The whole listing that follows is to be restated word for word, images excluded.

- _Data below_:
++++++++++++++++++++
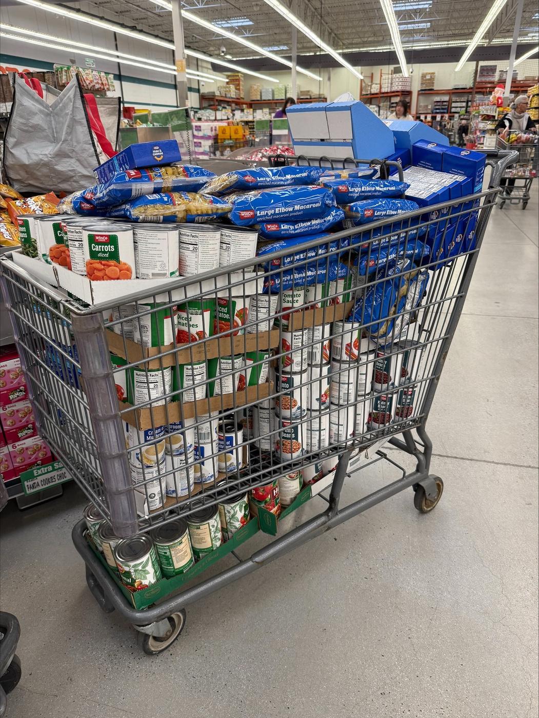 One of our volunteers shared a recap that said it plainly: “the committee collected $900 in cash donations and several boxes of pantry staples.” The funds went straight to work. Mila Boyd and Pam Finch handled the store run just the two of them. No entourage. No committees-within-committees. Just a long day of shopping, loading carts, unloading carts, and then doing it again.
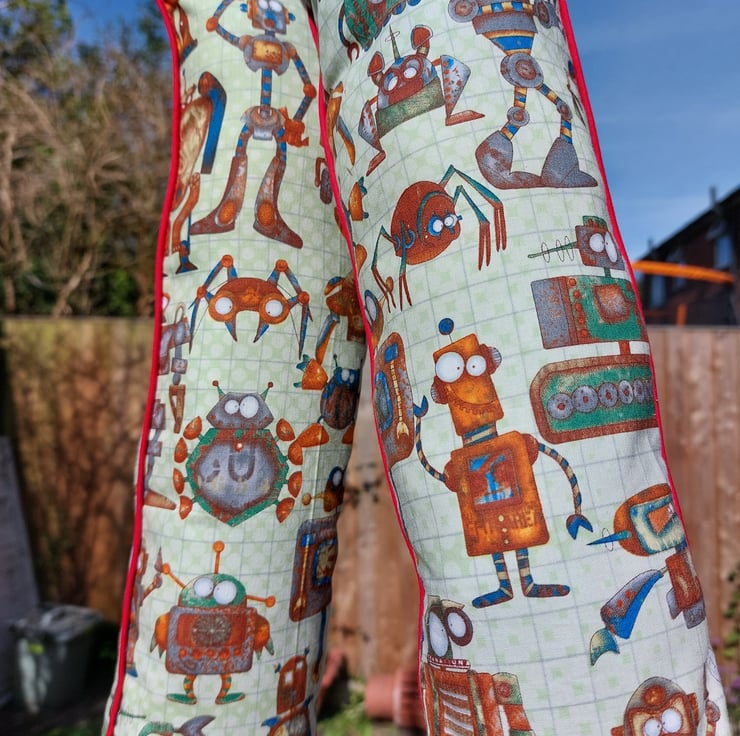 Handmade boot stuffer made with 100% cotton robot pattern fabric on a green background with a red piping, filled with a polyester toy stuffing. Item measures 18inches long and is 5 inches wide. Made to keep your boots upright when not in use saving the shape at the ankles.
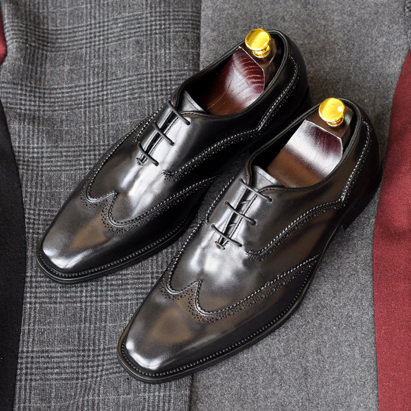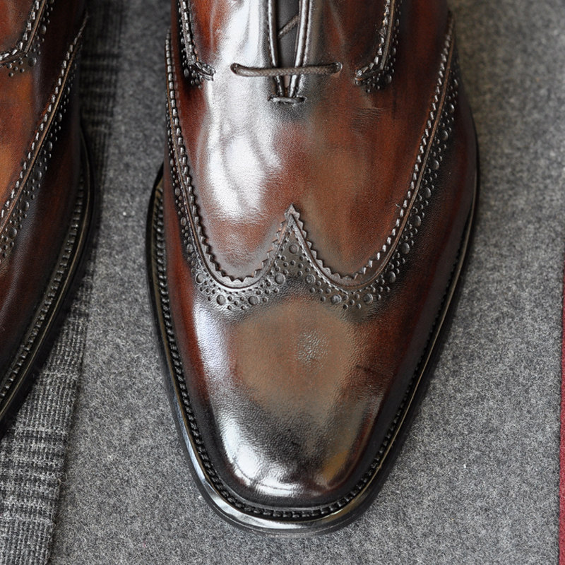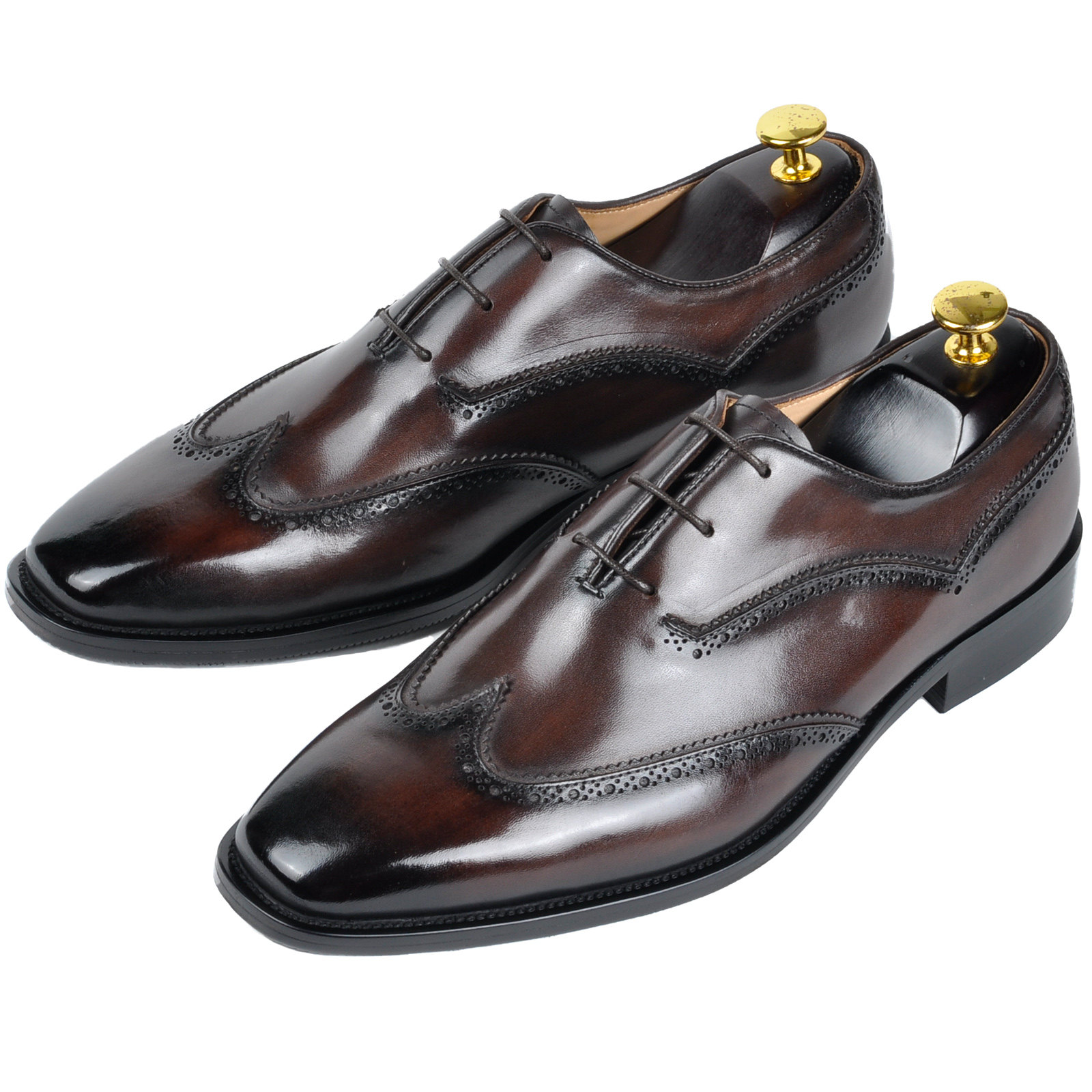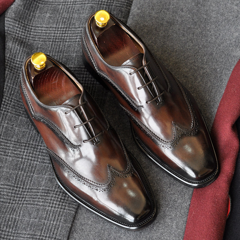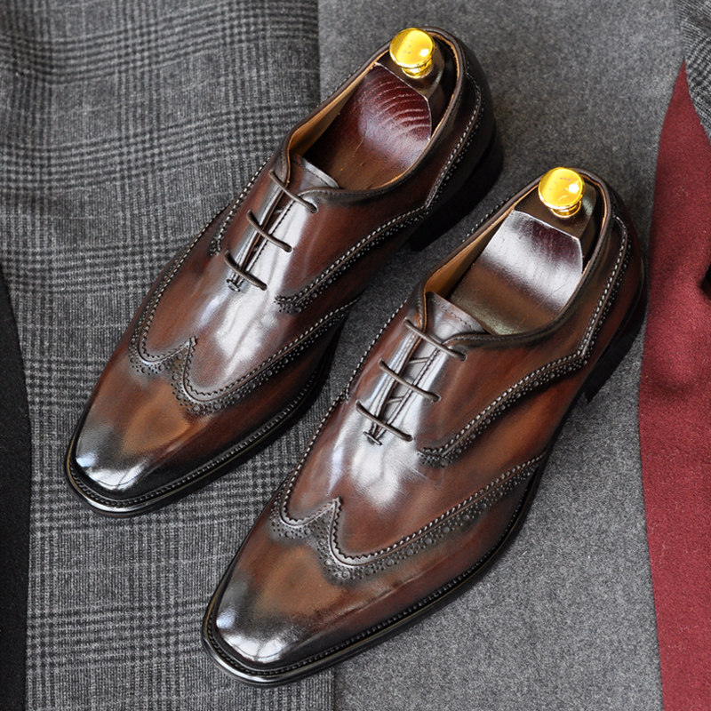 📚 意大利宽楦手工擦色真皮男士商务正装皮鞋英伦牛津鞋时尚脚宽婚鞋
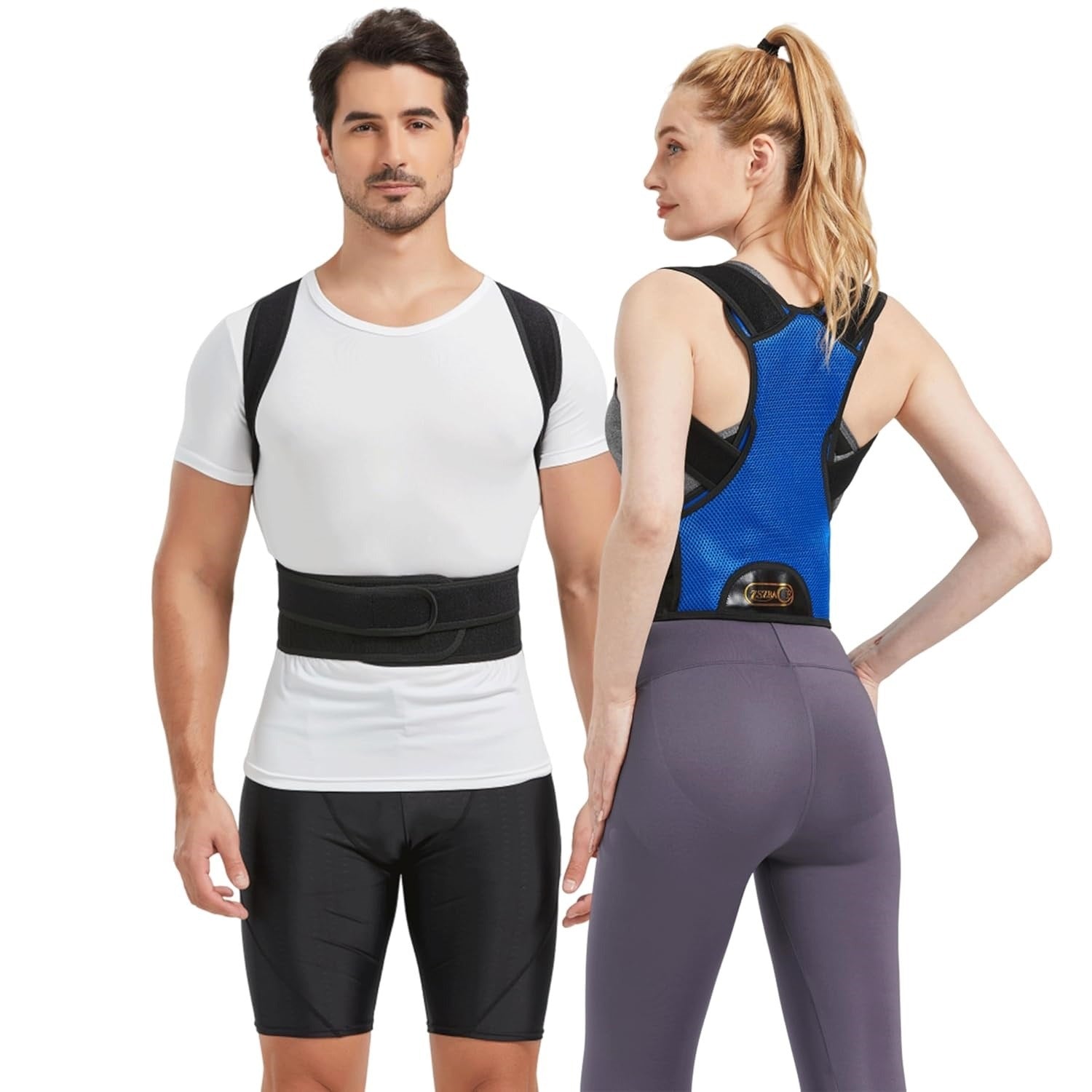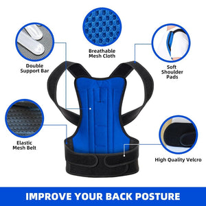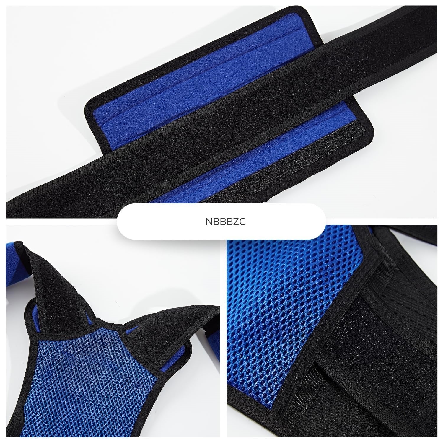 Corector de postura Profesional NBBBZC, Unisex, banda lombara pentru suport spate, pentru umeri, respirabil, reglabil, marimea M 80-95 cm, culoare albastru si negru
++++++++++++++++++++
- _Output of the task_:
 One of our volunteers shared a recap that said it plainly: “the committee collected $900 in cash donations and several boxes of pantry staples.” The funds went straight to work. Mila Boyd and Pam Finch handled the store run just the two of them. No entourage. No committees-within-committees. Just a long day of shopping, loading carts, unloading carts, and then doing it again.
 Handmade boot stuffer made with 100% cotton robot pattern fabric on a green background with a red piping, filled with a polyester toy stuffing. Item measures 18inches long and is 5 inches wide. Made to keep your boots upright when not in use saving the shape at the ankles.
 📚 意大利宽楦手工擦色真皮男士商务正装皮鞋英伦牛津鞋时尚脚宽婚鞋
 Corector de postura Profesional NBBBZC, Unisex, banda lombara pentru suport spate, pentru umeri, respirabil, reglabil, marimea M 80-95 cm, culoare albastru si negru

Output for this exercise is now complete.